Yellow's owners approve plan to replace debt with securities in new company
The company's leverage will be about two times earnings before interest, tax, depreciation and amortisation.
The company's leverage will be about two times earnings before interest, tax, depreciation and amortisation.
Creditors of NZ Directories Holdings, the owner of the Yellow directories service, have voted overwhelmingly in favour of a new capital structure, that will see them holding securities in a new company in return for relinquishing claims to $385 million of debt.
The new company Yellow Holdings Ltd will incorporate New Zealand Directories IP Ltd, Yellow Pages Group Ltd and its subsidiary, Finda Ltd, they said in a statement.
"The board, management and shareholders are very pleased to make these changes as they effectively unshackle the business to be more nimble, responsive and future focused," said chairman Brett Chenoweth. "We now have a simpler corporate structure, with 12 shareholders and a conservative level of commercial debt."
The company's leverage will be about two times earnings before interest, tax, depreciation and amortisation.
Executives won't answer questions or be available for interviews to discuss the changes to the directories business, according to the statement, issued by PR firm Porter Novelli and distributed selectively to media. Auckland-based NZ Directories has gross assets of $182.5 million and there was "no realistic prospect that the company can refinance the existing debt facilities with a third-party financier" when they come due on August 31, the company said in the notice for yesterday's meeting.

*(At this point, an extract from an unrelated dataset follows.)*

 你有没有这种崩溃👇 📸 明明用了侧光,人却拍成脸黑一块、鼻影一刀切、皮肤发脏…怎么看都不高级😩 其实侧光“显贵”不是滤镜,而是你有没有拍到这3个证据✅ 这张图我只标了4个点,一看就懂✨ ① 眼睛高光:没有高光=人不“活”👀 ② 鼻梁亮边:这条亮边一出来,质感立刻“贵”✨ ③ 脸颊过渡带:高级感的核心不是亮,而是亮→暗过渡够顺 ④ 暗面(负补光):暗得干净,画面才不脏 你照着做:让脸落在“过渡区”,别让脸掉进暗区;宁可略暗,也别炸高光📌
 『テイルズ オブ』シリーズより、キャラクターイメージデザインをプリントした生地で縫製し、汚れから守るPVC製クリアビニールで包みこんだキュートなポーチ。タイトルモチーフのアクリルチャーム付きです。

The creditors will be issued with shares and notes in Yellow Holdings, a company structured to meet new 'thin capitalisation rules' coming into effect from July 1. The new company incorporated on April 21 is still held in the name of a single shareholder, Mr Chenoweth.

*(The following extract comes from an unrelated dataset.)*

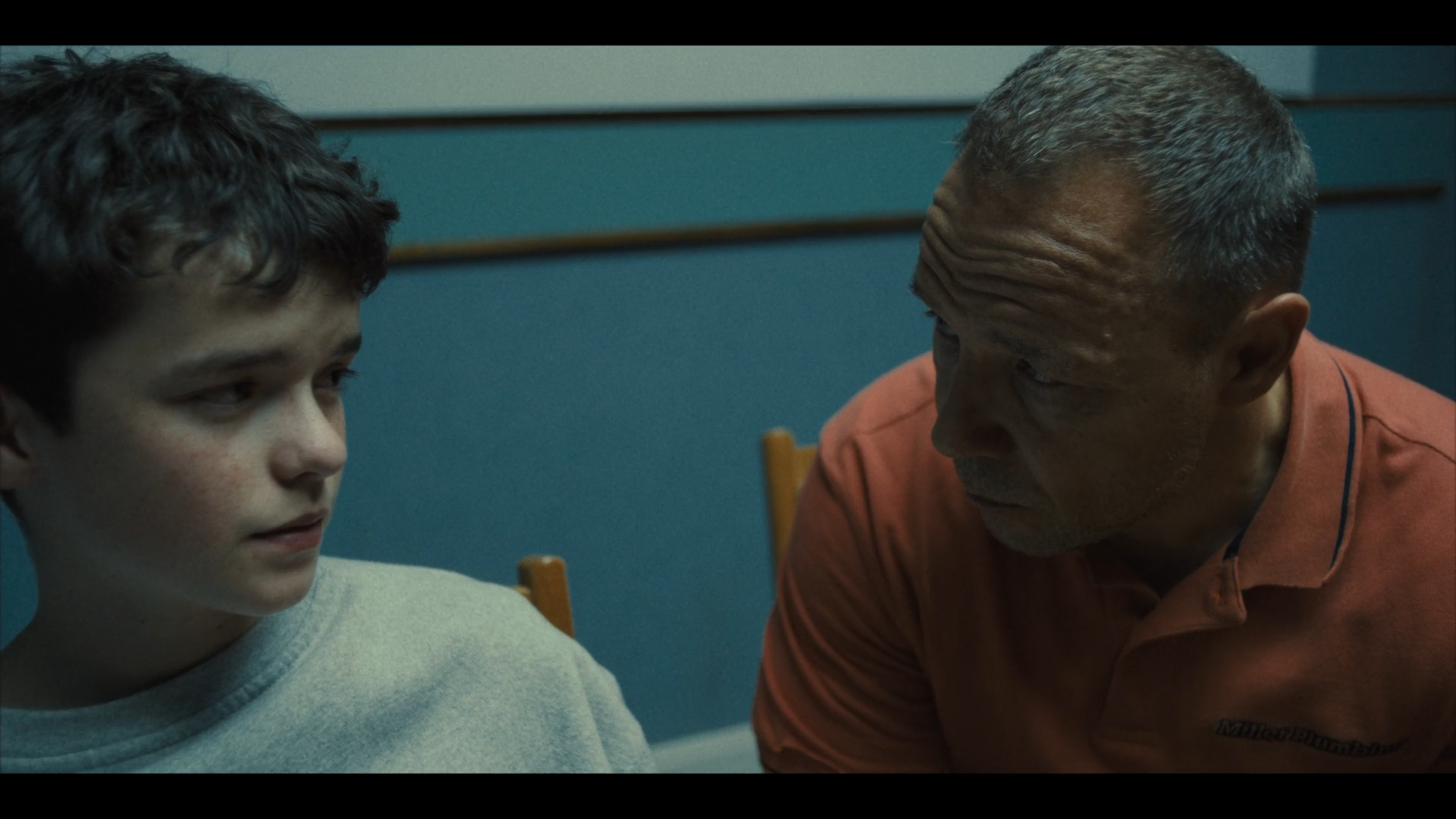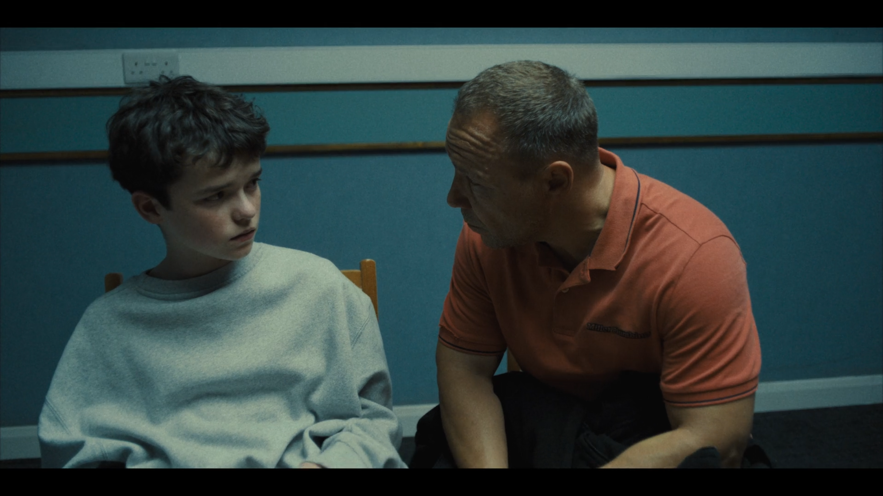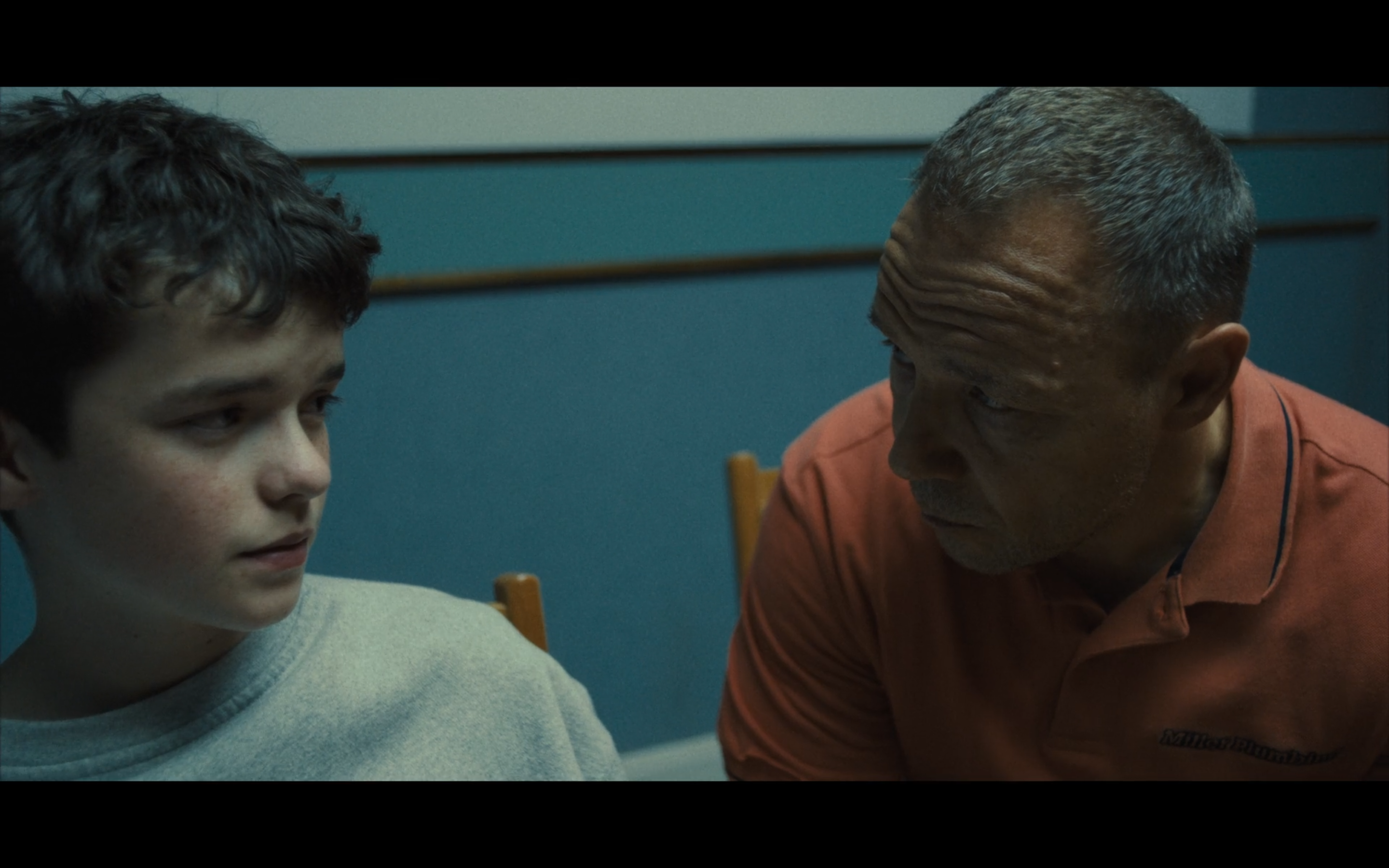Essa capacidade de não se acomodar a um ponto de vista reaproxima o trabalho de câmera do de Gus Van Sant, reconduzindo o olhar à habilidade de decupar, seja no fluxo ou no redemoinho. Dois momentos no primeiro episódio ilustram isso. No primeiro, quando deixados a sós na sala de interrogatório, Eddie (Stephan Graham), o pai, se inclina para falar com o filho, Jamie (Owen Cooper), 13 anos, acusado de assassinar uma colega da escola. Na composição, o rosto do menino — num ¾ frontal — é mais visível, enquanto o pai, de perfil, anuncia — “vou te perguntar uma vez só, tá?”. A fala antecipa e a câmera entende o que vem aí; sabe também que não é justo que a mais dolorosa das perguntas ocorra diante de um rosto e meio (o do filho por inteiro, o do pai pela metade). Então, essa câmera humanamente idealizada — que não treme ou tropeça, mas sabe diagnosticar emoções — se aproxima e faz uma discreta correção à esquerda, reenquadrando pai e filho em equidade. Os dois rostos em ¾ frontais, a sustentação dos olhares comunicada na imagem: “Foi você?”.

The new structure is the second such overhaul in four years. Bankers to the company formerly known as Yellow Pages Group wrote off $1.05 billion of debt when they took control of the business in 2011. They were issued 250 million shares held via Yellow Pages Equity Trust and $500 million of senior notes, wiping out the equity of the original owners, Hong Kong-based Unitas Capital and Canada's Ontario Teachers' Pension Plan, which bought Yellow Pages from Telecom for $2.24 billion in 2007 in a leveraged buy-out.
More than two million New Zealanders use one of Yellow's products each week, according to its website.
"Yellow is poised for the next stage in its development including a continuation of our digital transformation," chief executive Michael Boersen said, according to the statement. "We remain one of New Zealand's largest digital companies continuing to deliver more than 36% of total revenue per year in digital and growing."